=== Begin Enclosure ===

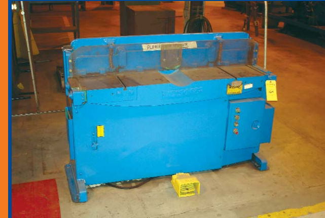
WYSONG 52 INCH SHEAR
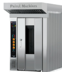
Industrial Oven Model 786FH
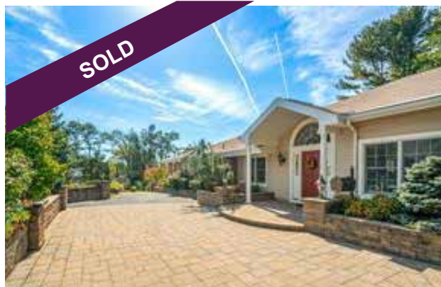
315 Hutchinson Avenue $449,900 Barrington
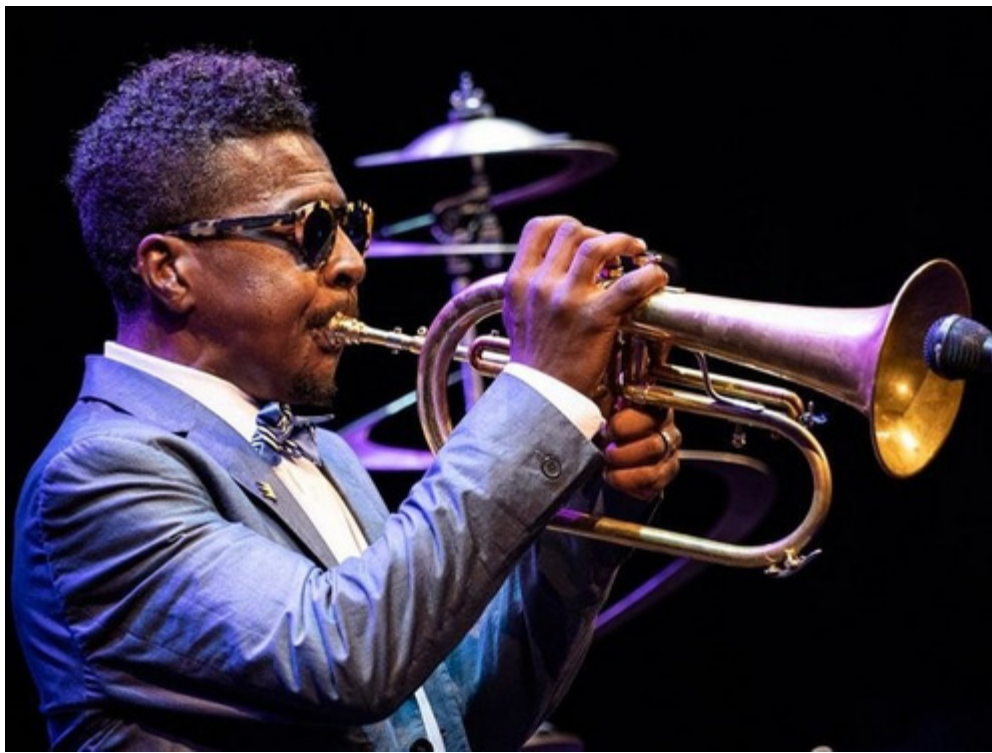
Grammy-award winning trumpeter Roy Hargrove.

Hargrove performed with jazz gods like Sonny Rollins, Stanley Turrentine, David "Fathead" Newman, Herbie Hancock, Wynton and Branford Marsalis. But he seamlessly also collaborated with R&B and Pop stars. Hargrove worked on Erykah Badu's critically acclaimed album Mama's Gun in 2000, as well as her 2003 album Weather Underground . He also contributed to D'Angelo's 2000 album Voodoo , as well as his 2014 offering Black Messiah .
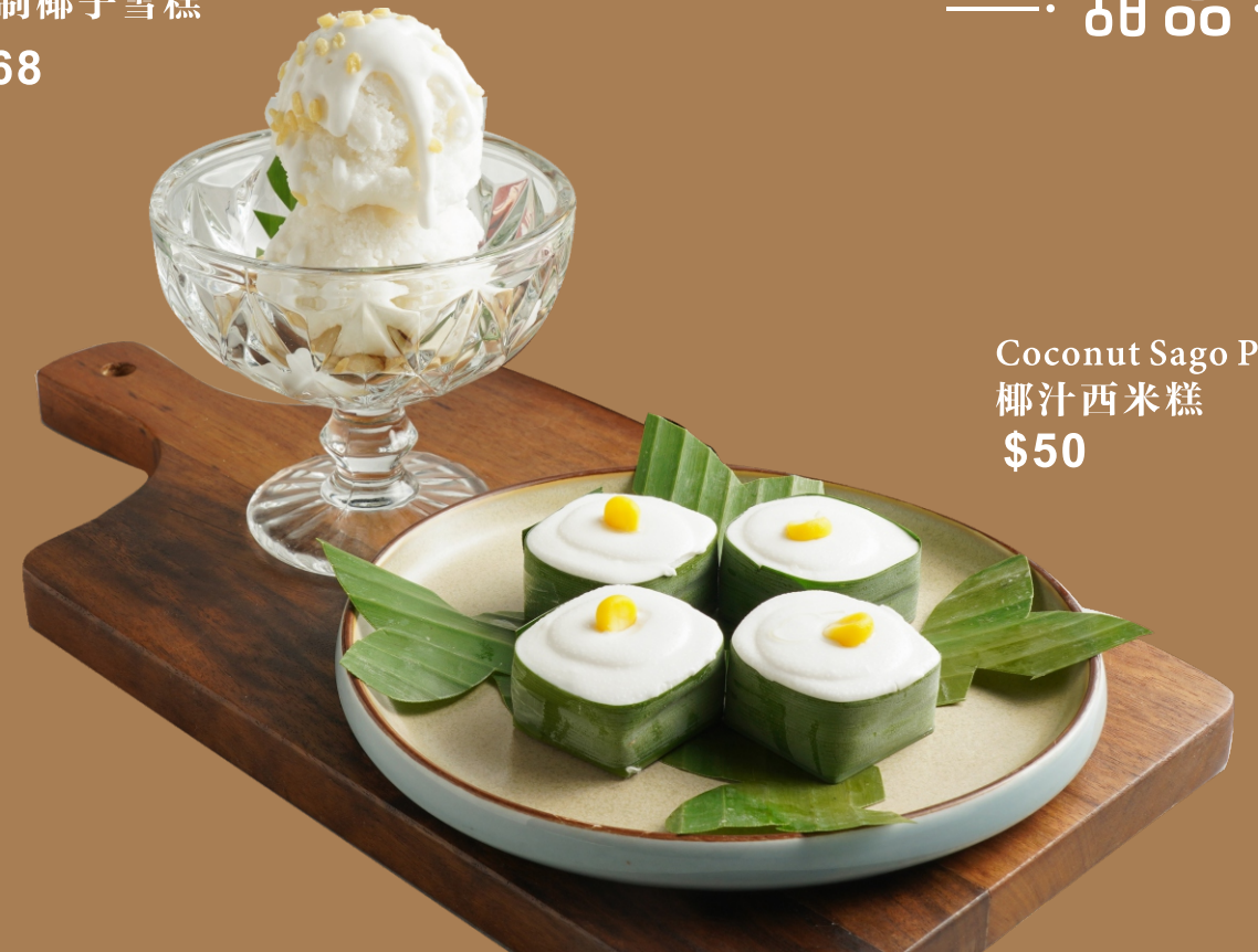
Coconut Sago Pudding 椰汁西米糕 $50
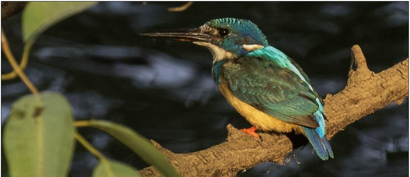
Half-collared Kingfisher

The final leg of our trip took us from Namibia into southern Zambia and after several hours of enduring a horrendously potholed road we eventually made it to Livingstone. The afternoon was spent at Victoria Falls which didn't have much water flowing over it but it was still an impressive site. The forest at the falls was very dry but we did manage to find Red-winged Starling, the vocal Trumpeter Hornbill and
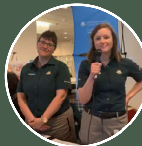
Public consultation Bridge-Bonaventure sector

Parks Canada actively participates in the events organized by the Office de consultation publique de Montreal (OCPM), including the information session, the consultation workshop and the symposium. In addition, Parks Canada submits a brief to share its vision for the development of the Bridge-Bonaventure sector.
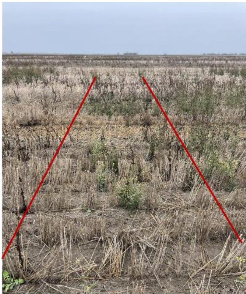
2.5 L Glyphosate 450CT (Delta T 11.2)
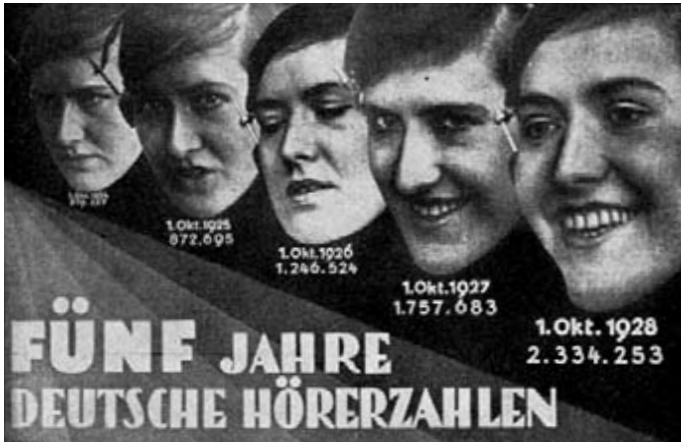
Five years of German radio listening figures; a poster reproduced in the 1929 German Radio Handbook .
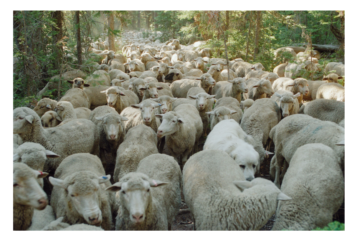
Sweetgrass. 3

Throughout this sequence, the sheep fill the screen and, when watched on the silver screen, dwarf the human viewer: placing the viewer within the herd in this way creates an uncomfortable and somewhat claustrophobic experience. As Grimshaw notes, the sheep remain 'mysterious and resistant to the human gaze' (2011, p.250). The defamiliarised perspective of the sequence simultaneously gestures towards a cross-species encounter and reaffirms the alterity of the sheep, thereby highlighting the human viewer's alienation from them. As such, the film reveals the 'polarization of immersion and alienation as separate reactions'—as a false binary (Hughes, 2014, p.81).
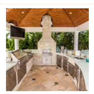
Stainless Steel Outdoor Kitchen
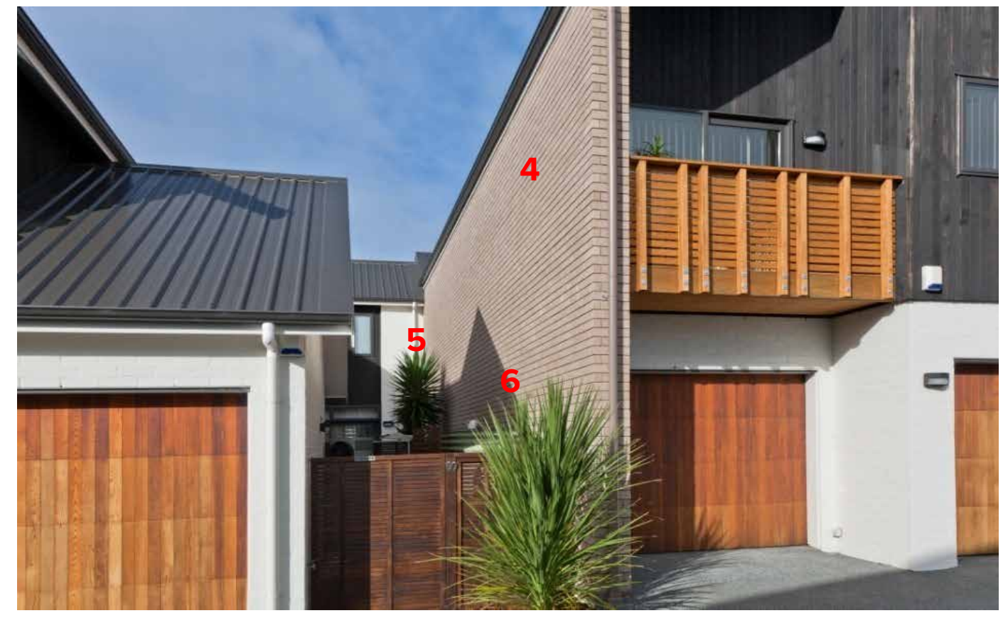
View through to the private outdoor courtyard from the rear lane.
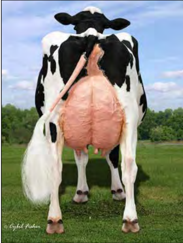
OAKFIELD SOLOM FOOTLOOSE-ET EX-94 98-MS DAM OF LOT 13
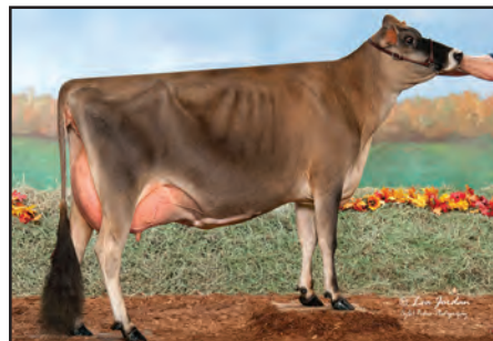
Sold in the 2015 sale Cloverfield Goldhammer Grace, E-91% Reserve Intermediate Champ, 2017 IN State Fair
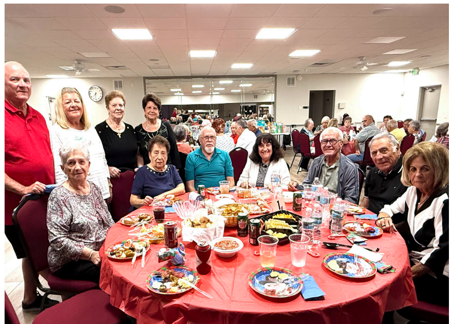
Residents enjoying the Italian American Club Holiday Party
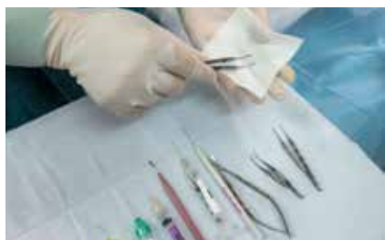
Figure 8 The scrub nurse/technician wipes surgical instruments after use with a soft lint-free wipe. VIETNAM
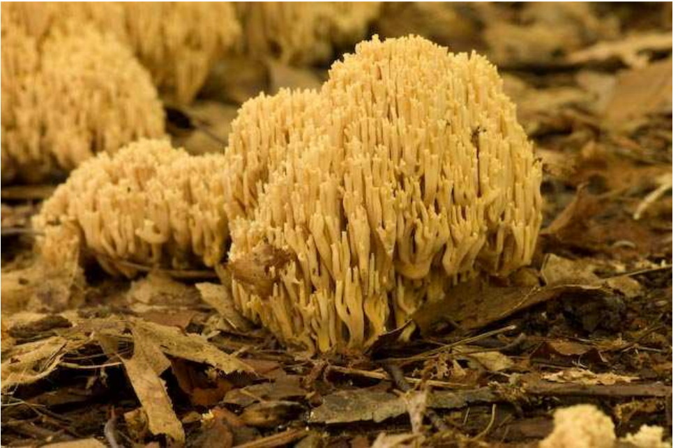
Coral Fungi
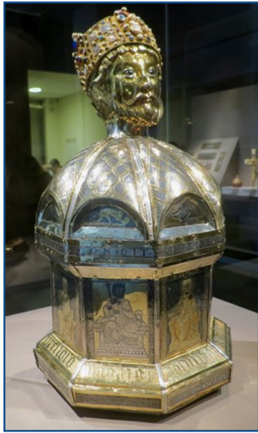
Reliquary of St Oswald, c 1185-89, restored partially 1779

Photo by Karl Steel at www.flickr.com/photos/medievalkarl/10005491294 . Creative commons attribution non-commercial sharealike 2.0
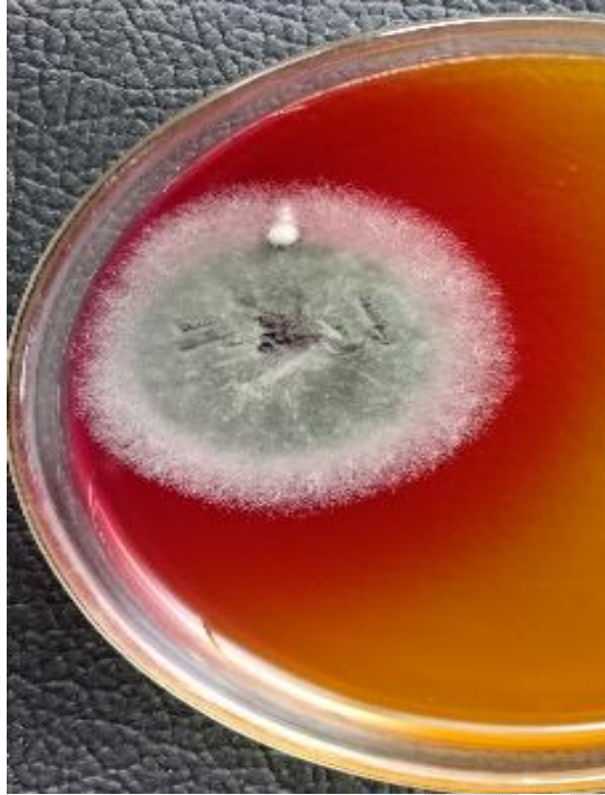
Plate 1. The hair sample inoculated on D.T.M showed growth of dermatophyte, characterized by white aerial hyphae and a red coloration around the fungal growth

The positive fungal cultures were identified by the conidial structure produced and the presence of septate hyphae (Fig. 4).
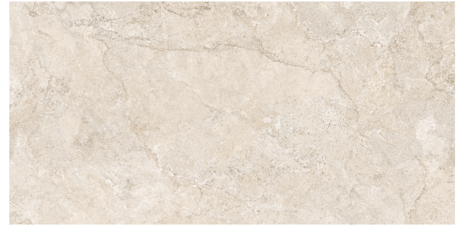
S-Tech Gobi Cream 60x120 R
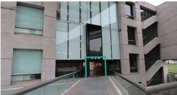
Customer Engagement Center

Mexico CEC contact: mexico.eg.presales@hpe.com
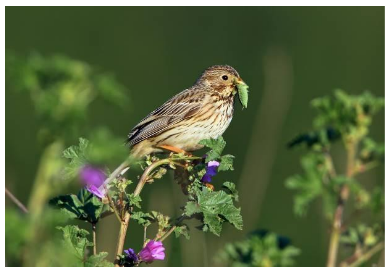
A corn bunting ( Emberiza calandra ). This passerine bird of the bunting family has seen its population decline in Europe, similarly to other farmland-dwelling species.
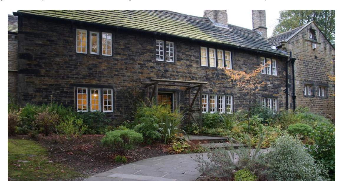
'The school prepares students exceptionally well for life and work after school, and the school's success and expertise in this area are nationally recognised' - Ofsted 2015

King James's, whose origins go back to the thirteenth century and has occupied its present site since 1547, was designated a Specialist Science College in 2004 and became an Academy in 2012.
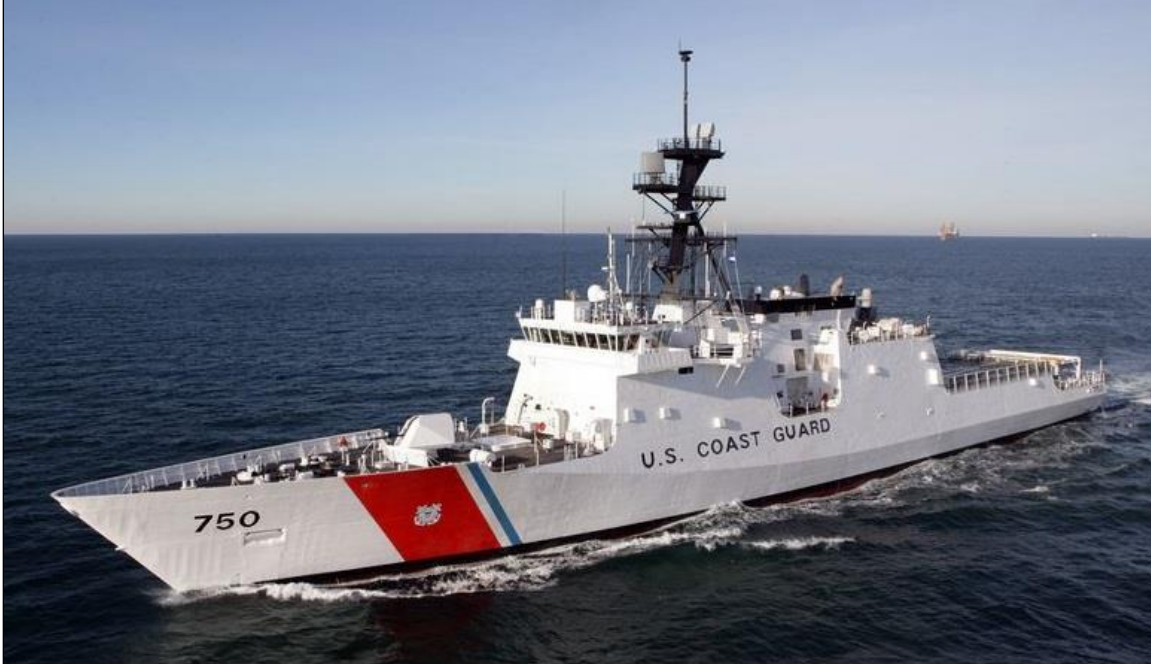
Figure 2. National Security Cutter

Source: Cropped version of photograph accompanying Huntington Ingalls Industries, “Bertholf (WMSL 750) Builder’s Trials,” March 22, 2019. The caption to the photograph states that it was taken on December 4, 2007.
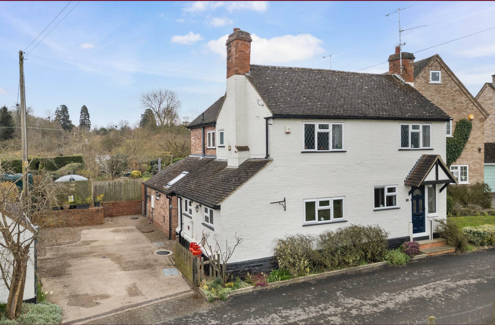
13 Church Lane, Severn Stoke, WR8 9JQ
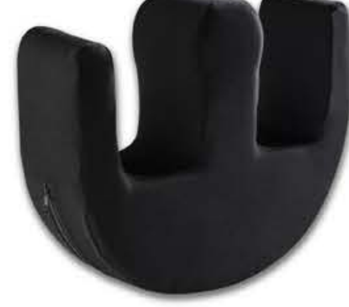
ORZEN HASTA ÇEVİRME APARATI Orzen Patient Turning Apparatus
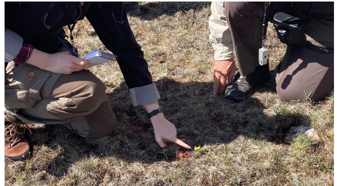
Figure 1. Two participants are kneeling on the ground, trying to identify a dandelion

During the time of identification, the species started to take the shape of epistemic objects in the sense that they opened up for questions, fostering further inquiry (cf. Knorr Cetina, 2001). A prominent example of this was the effort to identify dandelions, of which there are more than 900 microspecies in the Nordic countries. Being able to describe and identify a dandelion by eyesight was, hence, no easy task, but the utilisation of a magnifying loupe enabled this practice to a greater degree. In Figure 1, both the loupe and the notebook are visible as tools used by the participants for trying to make sense of the flower in question, establishing an epistemic object. The leaves, the buds and the details provided indicators that can be recognised either by field guides or via the experience-based knowledge shared between participants.
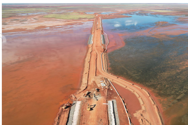
Figure 5: Intertidal causeway culverts installed
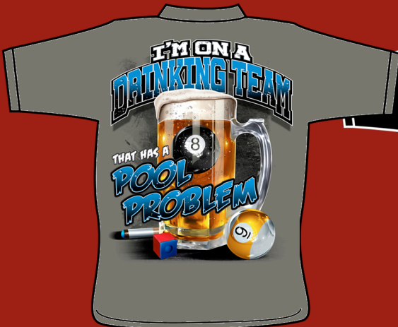
BR1015 POOL PROBLEM Available on charcoal grey only.
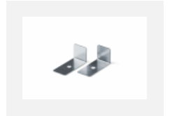
00-01200, F Accessory for gear-tray release

=== End Enclosure ===

● **Work order**:
Make a word-for-word copy of the records above, excluding all pictures.

● **Answer box**:
WYSONG 52 INCH SHEAR
Industrial Oven Model 786FH
315 Hutchinson Avenue $449,900 Barrington
Grammy-award winning trumpeter Roy Hargrove.

Hargrove performed with jazz gods like Sonny Rollins, Stanley Turrentine, David "Fathead" Newman, Herbie Hancock, Wynton and Branford Marsalis. But he seamlessly also collaborated with R&B and Pop stars. Hargrove worked on Erykah Badu's critically acclaimed album Mama's Gun in 2000, as well as her 2003 album Weather Underground . He also contributed to D'Angelo's 2000 album Voodoo , as well as his 2014 offering Black Messiah .
Coconut Sago Pudding 椰汁西米糕 $50
Half-collared Kingfisher

The final leg of our trip took us from Namibia into southern Zambia and after several hours of enduring a horrendously potholed road we eventually made it to Livingstone. The afternoon was spent at Victoria Falls which didn't have much water flowing over it but it was still an impressive site. The forest at the falls was very dry but we did manage to find Red-winged Starling, the vocal Trumpeter Hornbill and
Public consultation Bridge-Bonaventure sector

Parks Canada actively participates in the events organized by the Office de consultation publique de Montreal (OCPM), including the information session, the consultation workshop and the symposium. In addition, Parks Canada submits a brief to share its vision for the development of the Bridge-Bonaventure sector.
2.5 L Glyphosate 450CT (Delta T 11.2)
Five years of German radio listening figures; a poster reproduced in the 1929 German Radio Handbook .
Sweetgrass. 3

Throughout this sequence, the sheep fill the screen and, when watched on the silver screen, dwarf the human viewer: placing the viewer within the herd in this way creates an uncomfortable and somewhat claustrophobic experience. As Grimshaw notes, the sheep remain 'mysterious and resistant to the human gaze' (2011, p.250). The defamiliarised perspective of the sequence simultaneously gestures towards a cross-species encounter and reaffirms the alterity of the sheep, thereby highlighting the human viewer's alienation from them. As such, the film reveals the 'polarization of immersion and alienation as separate reactions'—as a false binary (Hughes, 2014, p.81).
Stainless Steel Outdoor Kitchen
View through to the private outdoor courtyard from the rear lane.
OAKFIELD SOLOM FOOTLOOSE-ET EX-94 98-MS DAM OF LOT 13
Sold in the 2015 sale Cloverfield Goldhammer Grace, E-91% Reserve Intermediate Champ, 2017 IN State Fair
Residents enjoying the Italian American Club Holiday Party
Figure 8 The scrub nurse/technician wipes surgical instruments after use with a soft lint-free wipe. VIETNAM
Coral Fungi
Reliquary of St Oswald, c 1185-89, restored partially 1779

Photo by Karl Steel at www.flickr.com/photos/medievalkarl/10005491294 . Creative commons attribution non-commercial sharealike 2.0
Plate 1. The hair sample inoculated on D.T.M showed growth of dermatophyte, characterized by white aerial hyphae and a red coloration around the fungal growth

The positive fungal cultures were identified by the conidial structure produced and the presence of septate hyphae (Fig. 4).
S-Tech Gobi Cream 60x120 R
Customer Engagement Center

Mexico CEC contact: mexico.eg.presales@hpe.com
A corn bunting ( Emberiza calandra ). This passerine bird of the bunting family has seen its population decline in Europe, similarly to other farmland-dwelling species.
'The school prepares students exceptionally well for life and work after school, and the school's success and expertise in this area are nationally recognised' - Ofsted 2015

King James's, whose origins go back to the thirteenth century and has occupied its present site since 1547, was designated a Specialist Science College in 2004 and became an Academy in 2012.
Figure 2. National Security Cutter

Source: Cropped version of photograph accompanying Huntington Ingalls Industries, “Bertholf (WMSL 750) Builder’s Trials,” March 22, 2019. The caption to the photograph states that it was taken on December 4, 2007.
13 Church Lane, Severn Stoke, WR8 9JQ
ORZEN HASTA ÇEVİRME APARATI Orzen Patient Turning Apparatus
Figure 1. Two participants are kneeling on the ground, trying to identify a dandelion

During the time of identification, the species started to take the shape of epistemic objects in the sense that they opened up for questions, fostering further inquiry (cf. Knorr Cetina, 2001). A prominent example of this was the effort to identify dandelions, of which there are more than 900 microspecies in the Nordic countries. Being able to describe and identify a dandelion by eyesight was, hence, no easy task, but the utilisation of a magnifying loupe enabled this practice to a greater degree. In Figure 1, both the loupe and the notebook are visible as tools used by the participants for trying to make sense of the flower in question, establishing an epistemic object. The leaves, the buds and the details provided indicators that can be recognised either by field guides or via the experience-based knowledge shared between participants.
Figure 5: Intertidal causeway culverts installed
BR1015 POOL PROBLEM Available on charcoal grey only.
00-01200, F Accessory for gear-tray release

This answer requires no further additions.